Continuing Appropriations and Military Construction, Veterans Affairs, and Related Agencies Appropriations Act, 2017, and Zika Response and Preparedness Act
- Long title: An Act making continuing appropriations for fiscal year 2017, and for other purposes
- Enacted by: the 114th United States Congress

Citations
- Public law: 114-223

Legislative history
- Introduced in the House as H.R. 5325 by Tom Graves (R–GA); Committee consideration by United States House Committee on Appropriations; Passed the House on (342-85); Passed the Senate on (72-26); Signed into law by President Barack Obama on September 29, 2016;

= Continuing Appropriations and Military Construction, Veterans Affairs, and Related Agencies Appropriations Act, 2017, and Zika Response and Preparedness Act =

The Continuing Appropriations and Military Construction, Veterans Affairs, and Related Agencies Appropriations Act, 2017, and Zika Response and Preparedness Act is an appropriations bill which extended funding at the previous year's levels up to December 9, 2016 (10 weeks).
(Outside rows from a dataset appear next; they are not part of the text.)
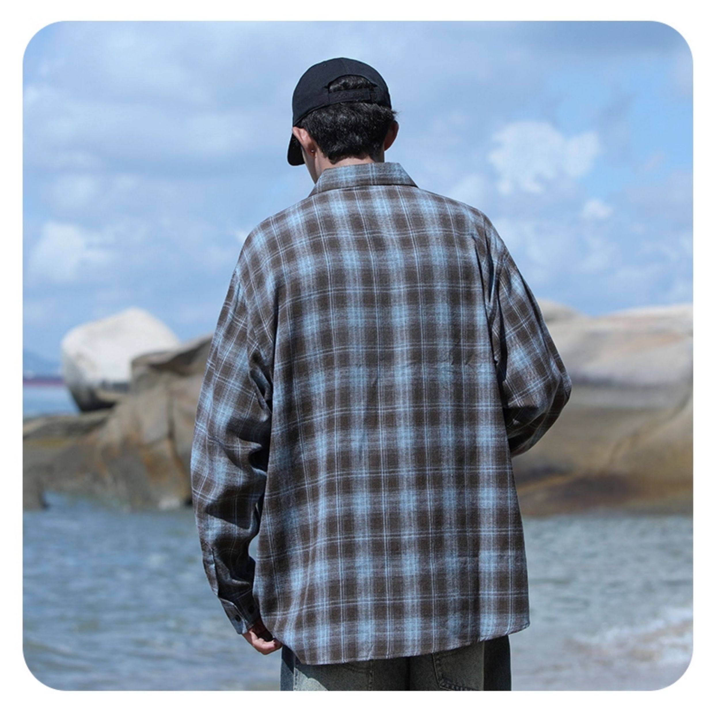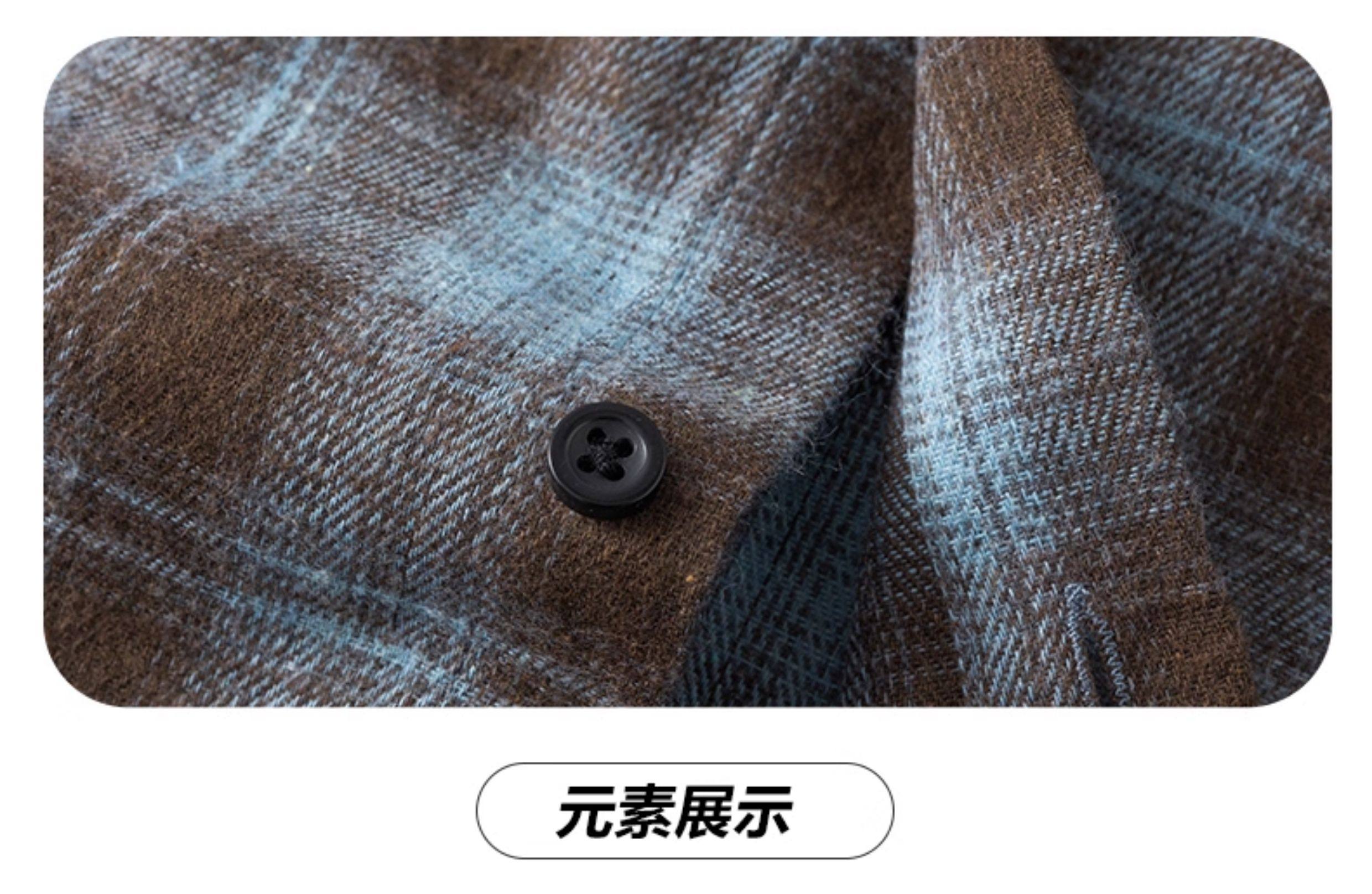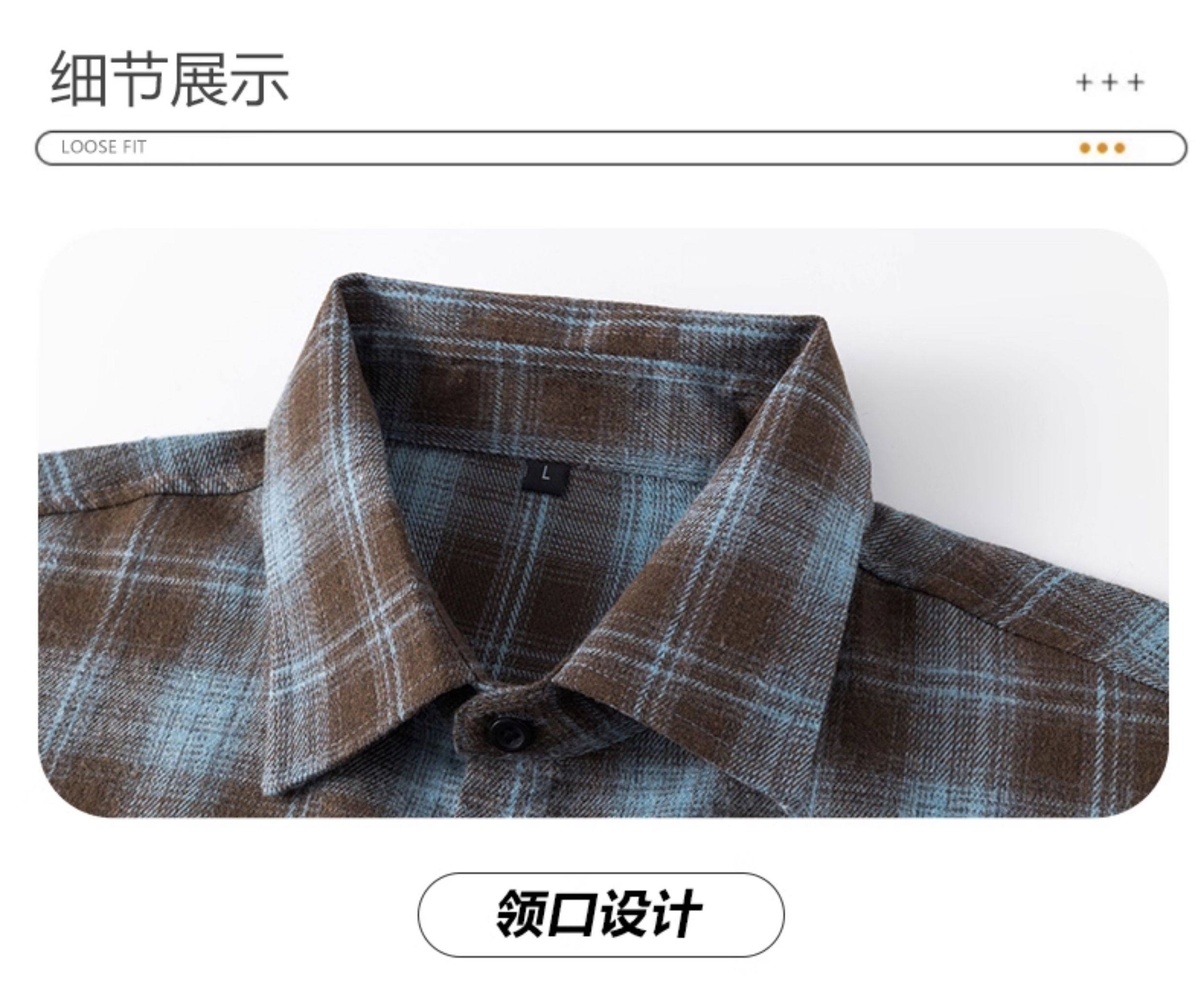 真维斯藏青色格子衬衫男长袖春秋防晒美式宽松格纹磨毛衬衣外套潮
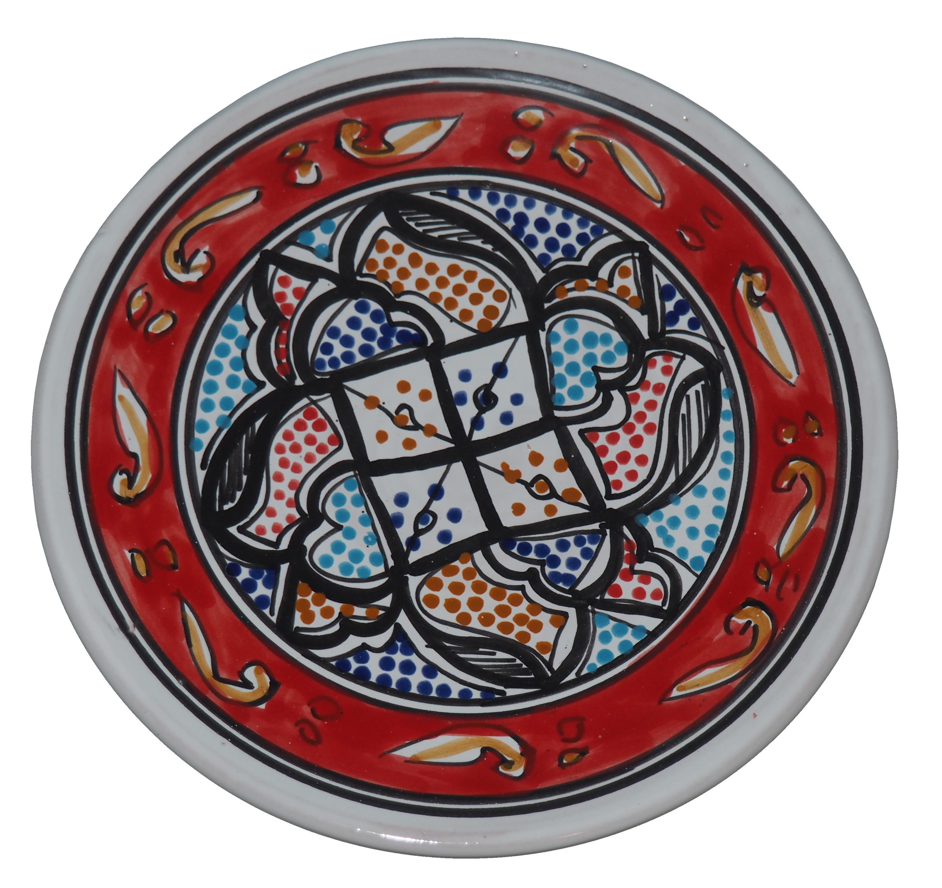 Ten orientalny talerz malowany jest w berberyjskie wzory. Przepiękna, niebanalna ozdoba Twojego stołu - ozdobny talerz prosto z Tunezji.
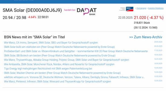 SMA Solar am 22.5. -4,37%, Volumen 106% normaler Tage
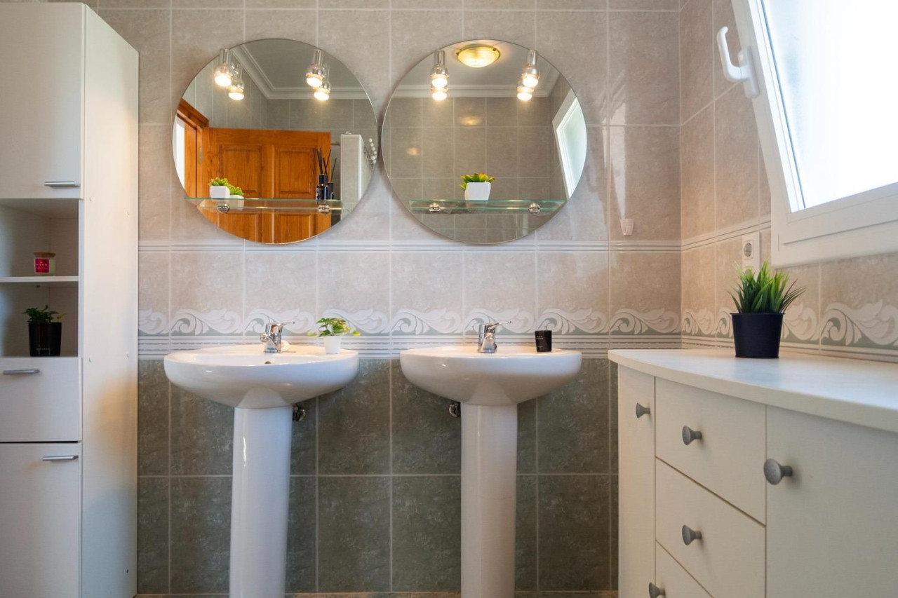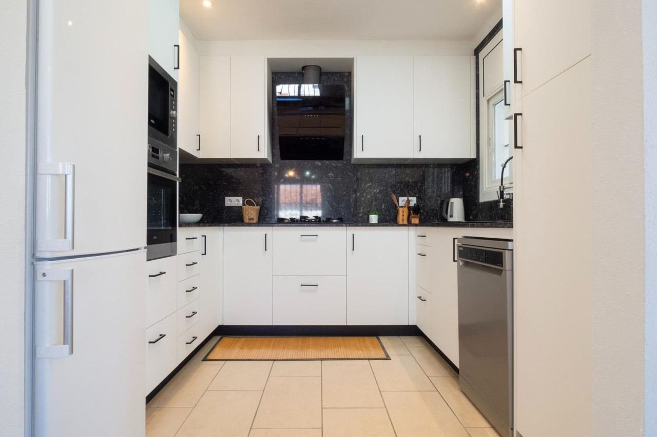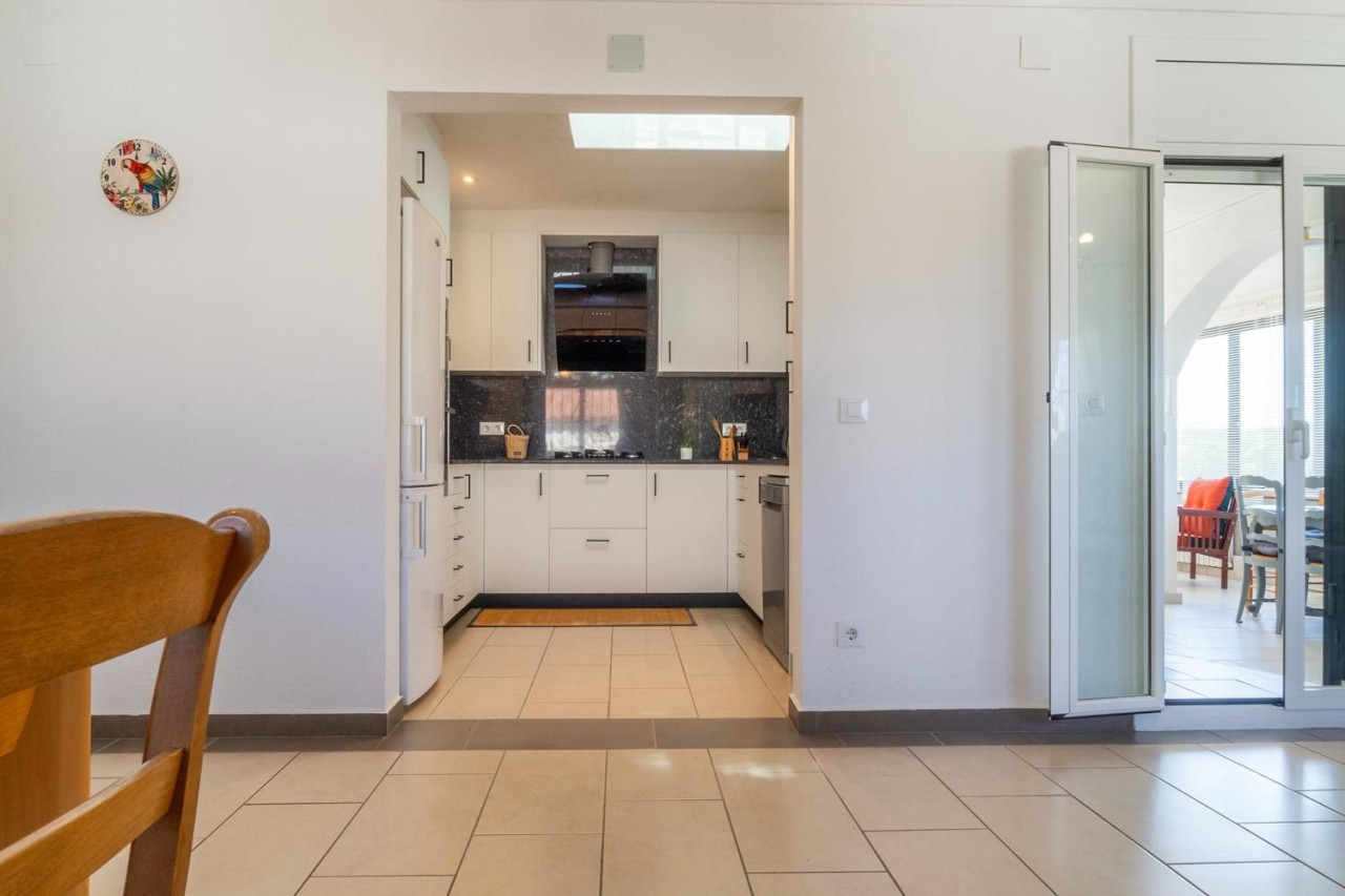 En la planta baja, encontramos un amplio salón-comedor con chimenea y con acceso directo a una veranda, donde podrás disfrutar de las vistas laterales al mar mientras te relajas. La cocina, totalmente reformada hace solo un año, está equipada para satisfacer las necesidades más exigentes. También dispone de dos habitaciones dobles y dos baños completos. El garaje, con acceso directo al interior de la casa, añade comodidad al día a día.
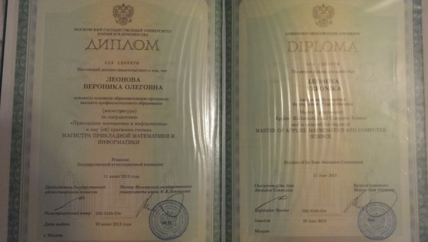 - Образование: МГУ, факультет Вычислительной Математики и Кибернетики (бакалавриат, магистратура).

After this, a continuing resolution that extended fiscal year 2017 funding for the United States federal government from December 9, 2016, until April 28, 2017, was passed: the Further Continuing and Security Assistance Appropriations Act, 2017. The bill, passed 10 months after the White House asked for such legislation, includes funding to help fight the Zika virus and study its effects, such as on unborn babies. It also included help for residents of Flint, Michigan and Louisiana. The bill averted a government shutdown mere days before the funding deadline.